Is a School Secretary Administration or Instructional Support?

Chariho school board member (and Rhode Island College iconoclast) Bill Felkner has an interesting op-ed in today’s Projo expressing concern that some of the information being produced to meet No-Child-Left-Behind requirements isn’t reliable…

The Rhode Island Department of Education (RIDE) uses the Teacher Certification System to tabulate the types and numbers of employees at every Rhode Island public school. This information is sent to the National Center for Education Statistics (NCES), located within the U.S. Department of Education, and compiled for every public school in the country.

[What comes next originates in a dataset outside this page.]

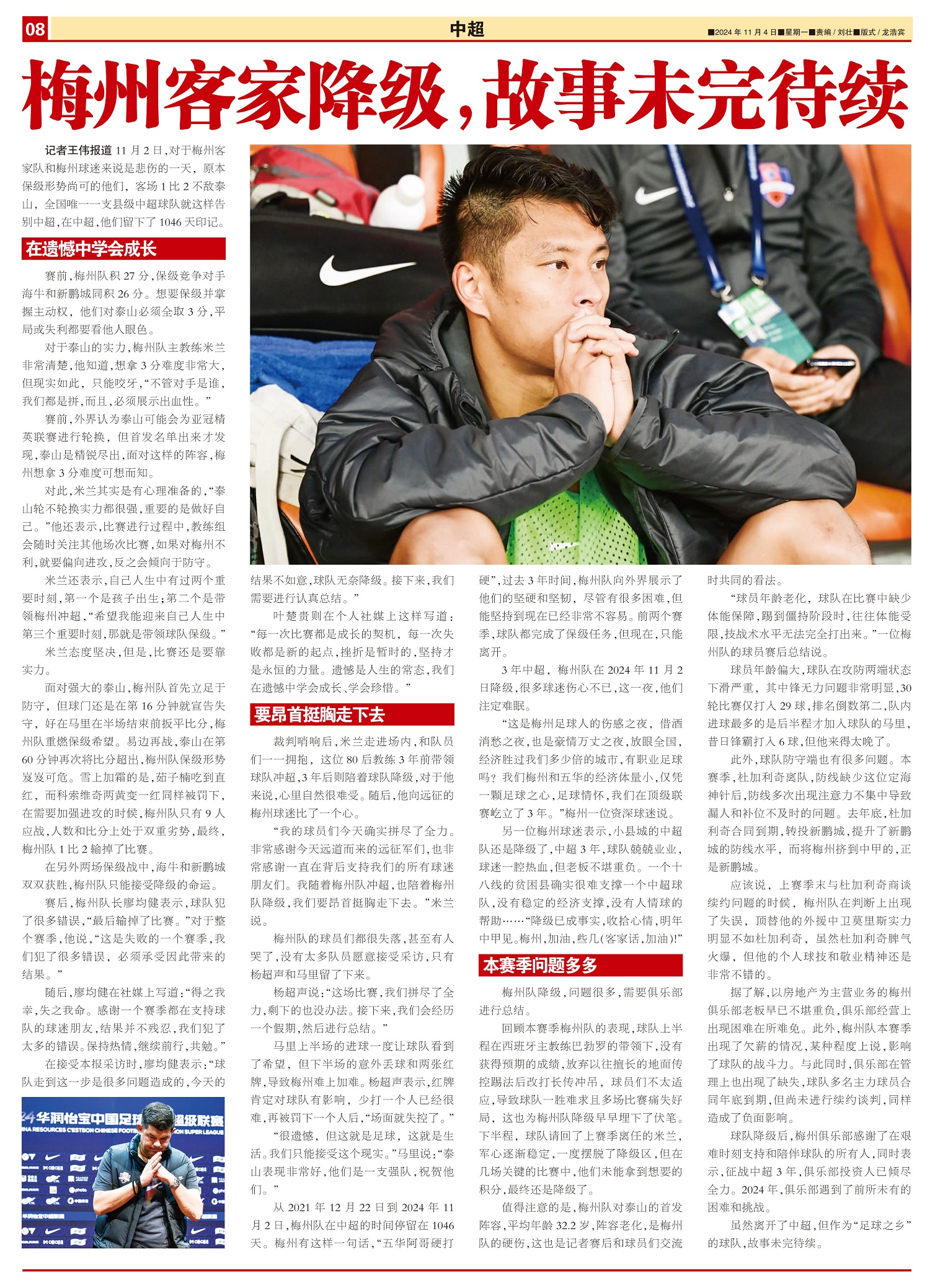 11月2日,对于梅州客家队和梅州球迷来说是悲伤的一天,原本保级形势尚可的他们,客场1比2不敌泰山,全...

School employees are divided into eight categories: teachers, instructional aides, coordinators, guidance counselors, library/media specialists and supports, district administrators and supports, school administrators and supports, and student support services and other supports.
Can you imagine how beneficial this information could be? You could compare your district with the best in the country, and set your goals accordingly. But in a recent school-board meeting I learned that this simple yet powerful comparison is impossible….For example, the NCES reports that the Chariho District has 74 guidance counselors but the administration contends that the number is only 10. But if you move the remaining 64 employees to the support category, the analysis is still useless because some schools include secretaries in their support category (which we categorize as administrators).
The Chariho administration has investigated the Teacher Certification System and found social workers and psychologists listed as administrators, found single employees counted three times and even identified employees on the lists who had “retired, transferred or resigned.”
If we included the dead, I would think we were looking at the voter registration rolls.
On March 27, the Chariho School Board was presented with an e-mail from Edward Giroux, the director of the Office of Network and Information Systems at RIDE, that said, “It’s obvious that the information is incorrect.” According to Chariho Regional School District Superintendent Barry Ricci, RIDE has also said that it has “no faith that the reports for any of the districts are accurate.”